For starters, I am blessed to have an amazing family that loves me unconditionally. My mom is retired and stays at home while my dad works through the week. I also do my best to stay busy over the breaks by working to pay for school. Although this is the case for me, not everyone has this family dynamic. For many people, going home scares them. At Asbury, we can live on our own and do whatever we want, whenever we want. This is our way of blossoming into adulthood and learning how to make our own choices.
Odyssey’s Lucas Lino Ortiz, when giving an example from his own life, said, “It took three weeks before my parents realized that ‘living the happiest life I can live’ for me meant sitting at home playing computer games while watching Fresh Prince of Bel Air reruns.”
When we move back home, we constantly have our parents breathing down our necks, wondering what we are doing, who we are talking to, why we aren’t eating, why we are eating so much, why we slept in until 4:00 p.m., why we were having a solo party in our room at 4:00 a.m. and countless other decisions that we make every day. Another issue we face is the disappearance of our personal space.
“‘Personal space’ and ‘childhood home’ aren’t even in the same dictionary,” Ortiz said. “When you move back home you can’t just go to your room, lock the door and know that no one will disturb you.”
The sad part is, he is right. I am not even allowed to lock the door to my room. My parents say, “What if something bad happens and we need to get into your room?” when they just want to be able to keep a check on me. Most families struggle with several things when we come back home from college. Some things we must get used to sharing are space, food, responsibility and even rules. Most parents expect their children to pick back up with chores right where they left off when they started college. This can be difficult for us as we are used to having our own schedule and independence. Although this is not how we are used to living, we do live in their houses and must follow their rules within reason, no matter how invasive they may be.
However, this does not mean we must conform to keep the peace between whoever we are living with.
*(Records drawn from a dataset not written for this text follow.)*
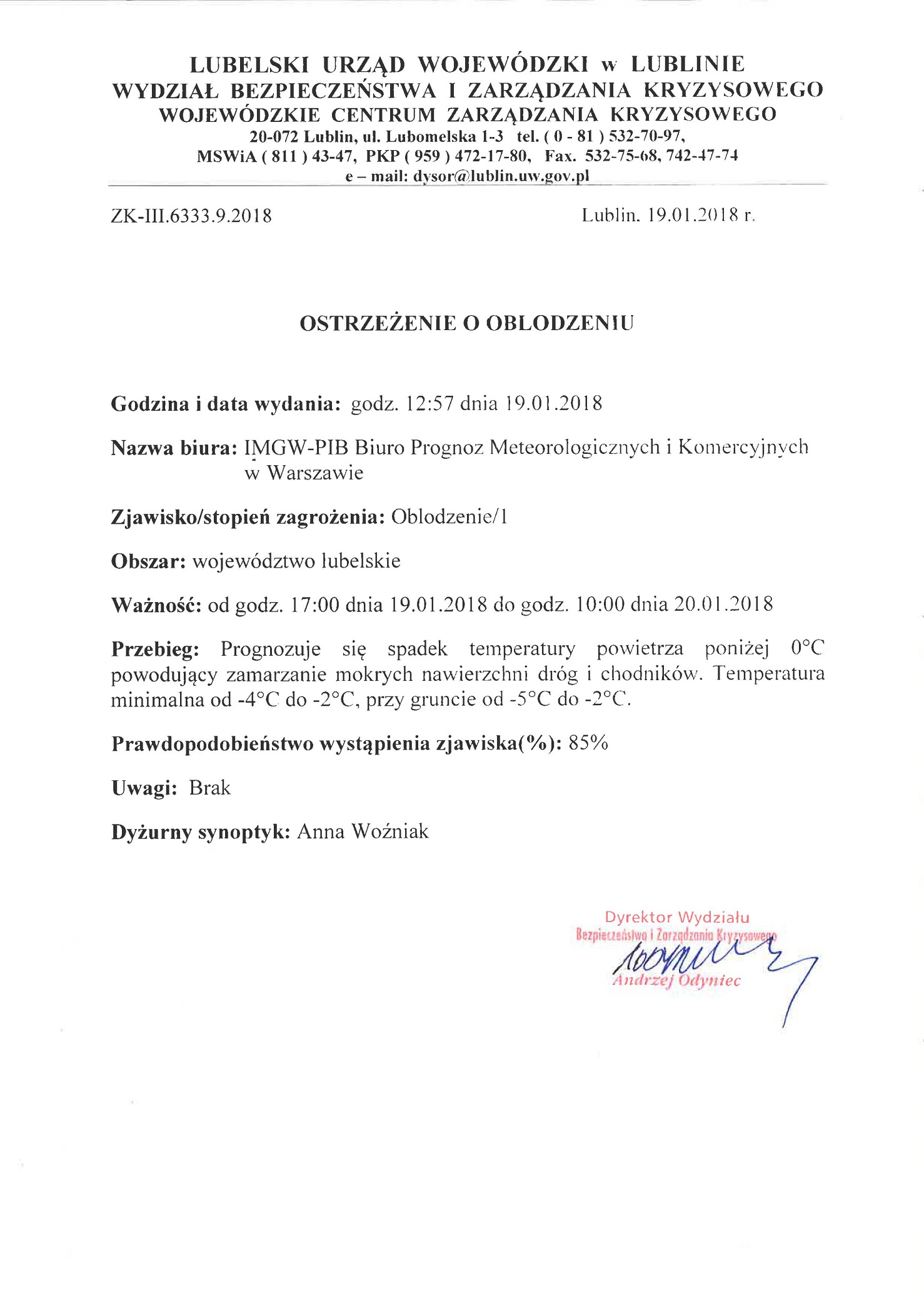 Ostrzeżenie o oblodzeniu z dnia 19.01.2018 r.
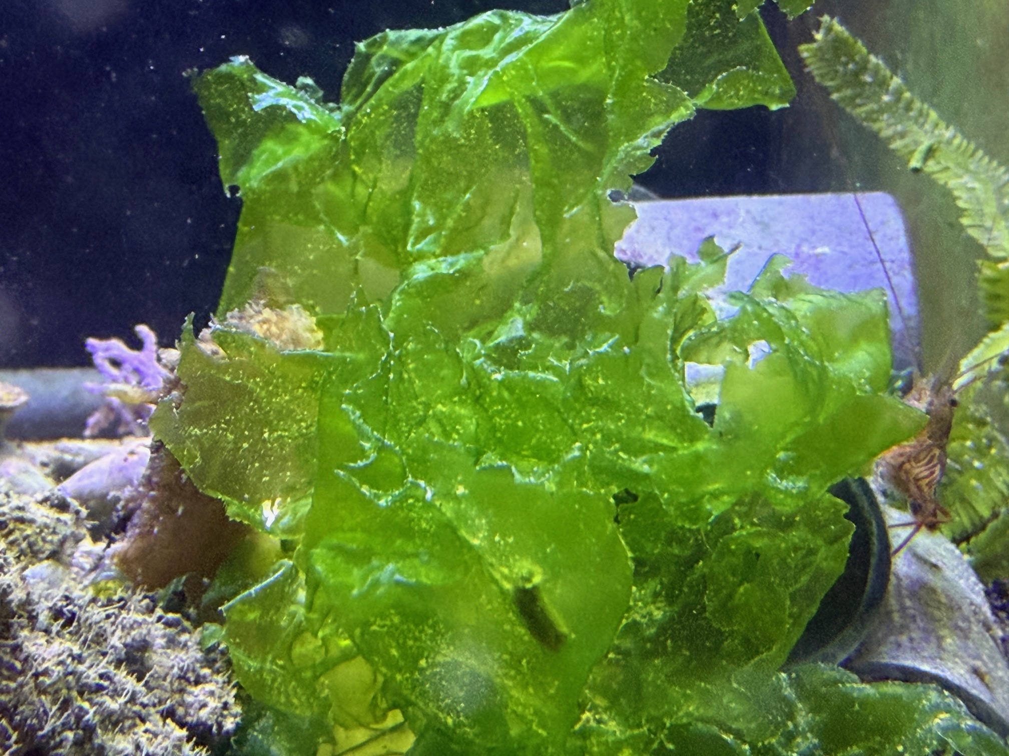 Meeressalat, braucht eine hohe Beleuchtungsstärke um gut zu wachsen zu können. Falls er zu schnell wächst, kann er gut unter Kontrolle gehalten werden.
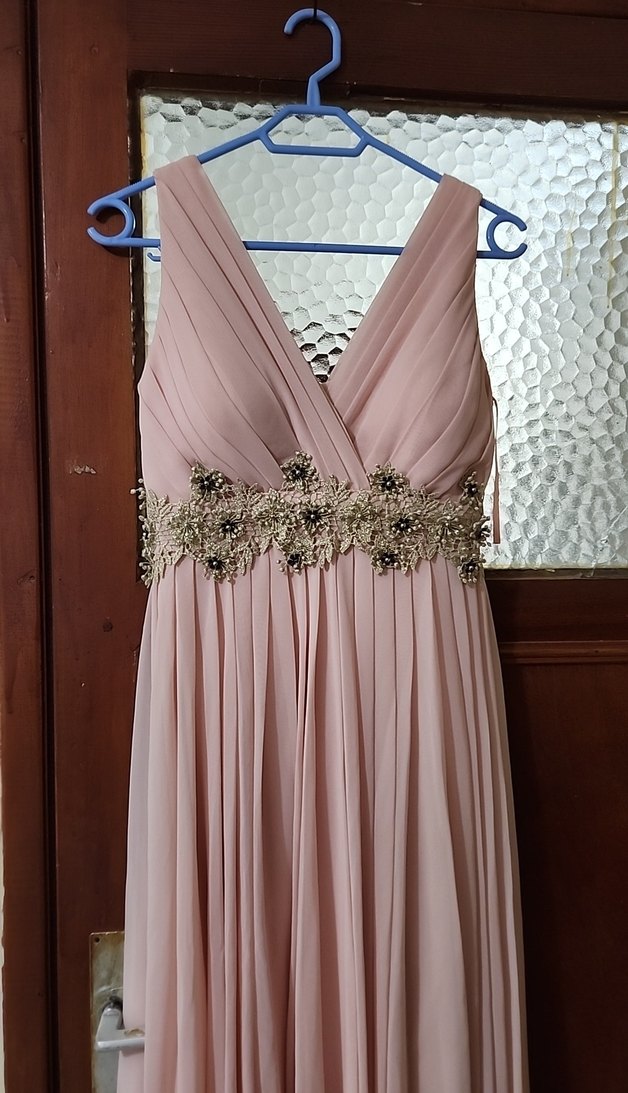 beli işlemeli pudra pembesi abiye
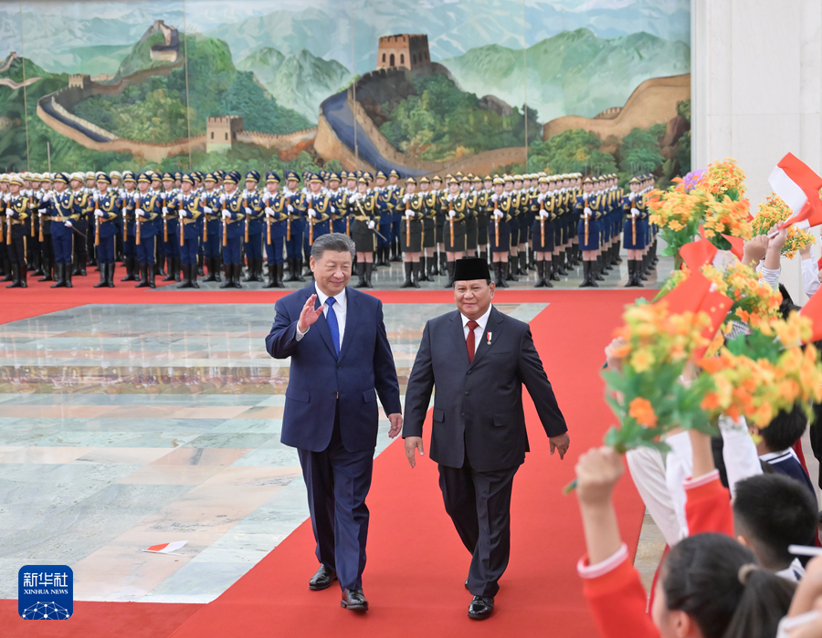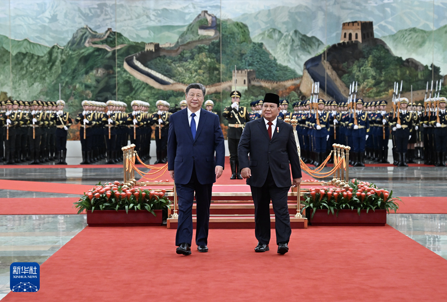 11月9日下午,国家主席习近平在北京人民大会堂同来华进行国事访问的印度尼西亚总统普拉博沃举行会谈。这是会谈前,习近平在人民大会堂北大厅为普拉博沃举行欢迎仪式。新华社记者 谢环驰 摄

Even though moving back home can be an obstacle, do not let that keep you from being who you are. Whether you live with your parent(s), grandparent(s), sibling(s), friend(s), etc, continue to be who you are. Keep finding yourself every day and use these upcoming weeks as a mental, physical and emotional break for yourself. You owe yourself that much. Take that break, read that book, take that nap and pet that dog. We all have our own homelife issues, but soon enough we will be back in the swing of things, complaining about school and saying how much we are looking forward to the next school break. I think we all just hate change. Good or bad, change is hard to adjust to. Have safe travels home everyone, and make the most of your time away from Asbury!